Any Python function can become an XCDO operator if:

  • It uses the @operator() decorator.
  • It follows some basic type-hint conventions.

A simple example

This operator just prints the input dataset to the console.

dump.py
# dump.py
from xcdo import operator, DatasetIn

@operator()
def dump(ds_in: DatasetIn) -> None:
    print(ds_in)

What this means:

  • @operator() tells XCDO that function dump is an operator.
  • ds_in: DatasetIn says the operator expects one dataset as input.
  • -> None means it doesn’t return anything (it just prints).

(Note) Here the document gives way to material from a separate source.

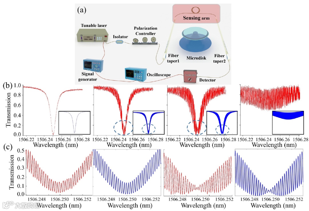 在过去的几十年中,回音壁模式(WGM)微谐振器取得了举世瞩目的发展。WGM微谐振器具有超高的品质因数和小模式体积,作为创新型传感器,在精密检测中表现出出色的性能。其多应用于温度和湿度折射率监测,生物传感,甚至测量单个纳米颗粒的尺寸。WGM微谐振器的传感机制通常可以分为色散传感和耗散传感。色散传感用于探测共振波长偏移,而色散传感旨在记录由于目标的额外损耗而导致的共振峰的线宽波动。在实际应用中,由于激光源的不稳定性或热波动引起的波长漂移噪声会影响色散传感的精度,而耗散传感对于低噪声水平的频率噪声则具有较强的敏感性,可用于实现更好的传感性能。基于色散机制的几乎所有类型的传感实验都可以在耗散传感系统上执行。然而,当前的很多器件都是在芯片上制造的,其传感臂的长度和耦合间隙将在制造前经过严格的计算和设计。一旦完成,就无法调整几何参数,并且任何与制造的微小偏差都会影响应用性能。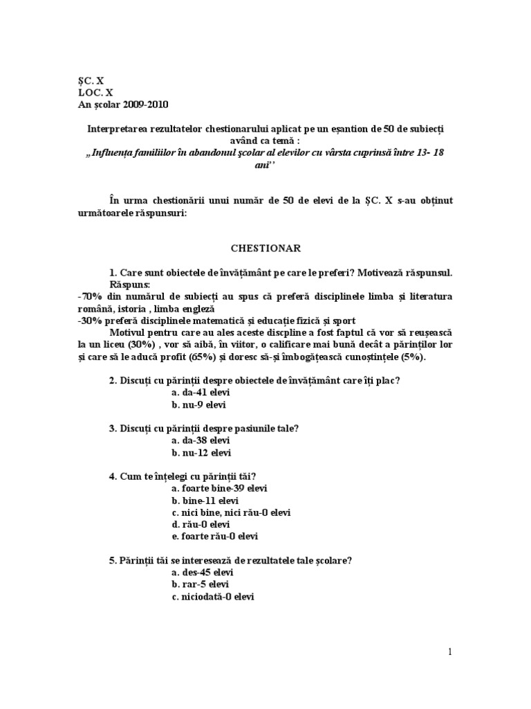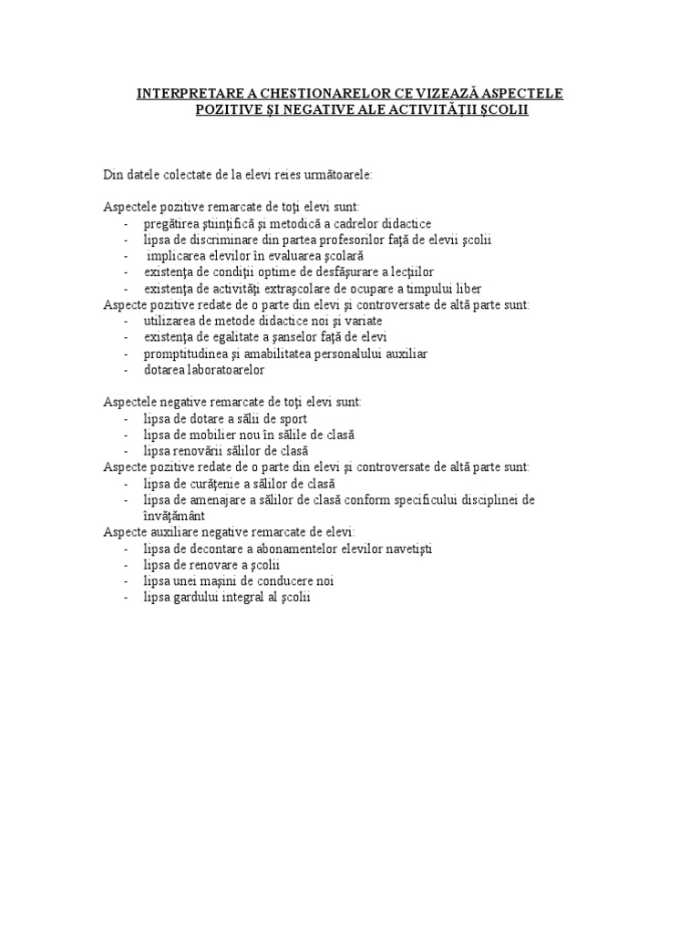 Interpretare A Chestionarelor Ce Vizează Aspectele Pozitive Si Negative Ale Activităţii Scolii

Call this from the command line:

$ xcdo -dump.py input.nc

or if dump.py is in another directory, call it by its path like:

$ xcdo -/path/to/dump.py input.nc

What XCDO does behind the scenes?

When you run those commands, XCDO:

  1. Loads the given Python file (e.g. dump.py).
  2. Finds the function decorated with @operator().
  3. Reads the type hints of that function:
    • Here it sees ds_in: DatasetIn
  4. Uses those type hints to:
    • Work out how many inputs the operator takes.
    • Understand their types (e.g. one DatasetIn).

What is DatasetIn?

ds_in: DatasetIn simply tells XCDO that your operator expects an xarray.Dataset as the input and XCDO will take care of turning your command-line arguments into that dataset for you.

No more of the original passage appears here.